Research on heart defects: Mega-grant awarded to Bangladesh-born biologist

Update : 18 Feb 2017, 02:05 PM
Shaad Ahmad, an assistant professor of biology at Indiana State University, hoped that their findings might eventually help doctors detect and mitigate patients’ susceptibility to CHDs. The American Heart Association has recently awarded him with a grant of $231,000 to conduct the research, reports State Magazine.com After receiving the grant, Ahmad, who completed a PhD at Stanford University’s developmental biology department, said: “I am excited, I am thrilled. I think it is a very interesting project and…the data we intend to acquire from this will help the biomedical and medical communities.” Also, their research has another long-term goal. Ahmad said: “What we really want to do — and this is probably 30 years in the future — is to be able to take some of your cells and if you have a bad ticker, grow you a completely new heart. “But in order to do that, we have to understand the entire genetic regulatory network that gives rise to the heart.” He uses a surprising model for studying heart development — the fruit flies, whose hearts have “many of the same genes and regulatory pathways” as the human hearts, making it the perfect test subject for his current studies.
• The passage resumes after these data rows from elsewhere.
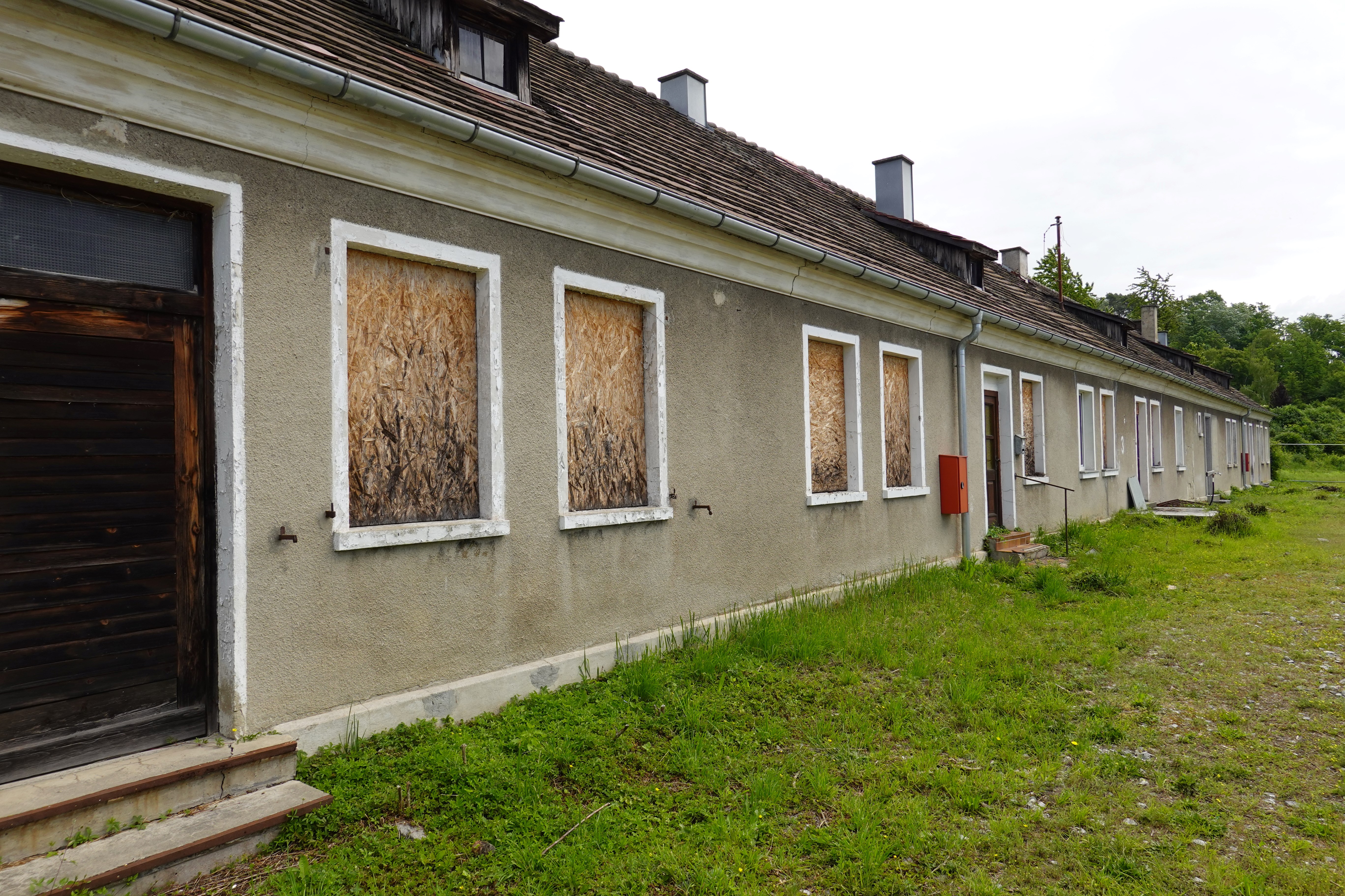 Teren byłego placu apelowego w KL Gusen. Widok na dwa byłe baraki KL Gusen. Stan obecny. Fot. Tomasz Cieślak (IPN) -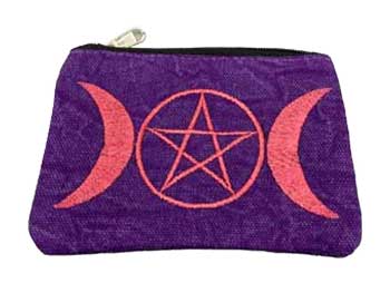 Simple yet attractive coin purse with the triple moon embroidered on the cover. This offers a zipper closure to safely secure your items placed within. 4" x 6" cotton with colors that may vary. From India.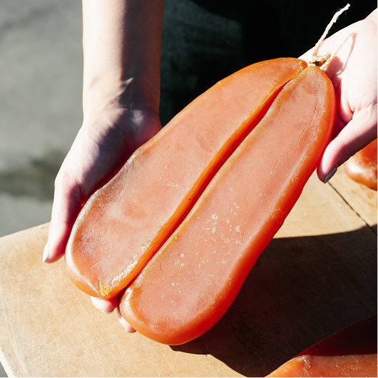 烏魚子口感厚實、風味純粹、層次分明,帶來冬季海洋的代表味道,讓年節餐桌多一份珍味,也把海洋的祝福送到重要的人手中。

The researcher said: “…we move on from flies to mice….and then we will shift to primates and eventually to humans. Note, however, that I said that this is roughly… 30 years in the future.” He added that their research at this point in time was giving them diagnostic cues for CHDs or late-onset heart diseases. An alumnus of Maple Leaf International School in Dhaka, Ahmad had also been employed as a research fellow at the genetics division of Brigham and Women's Hospital in Boston and at the Harvard Medical School.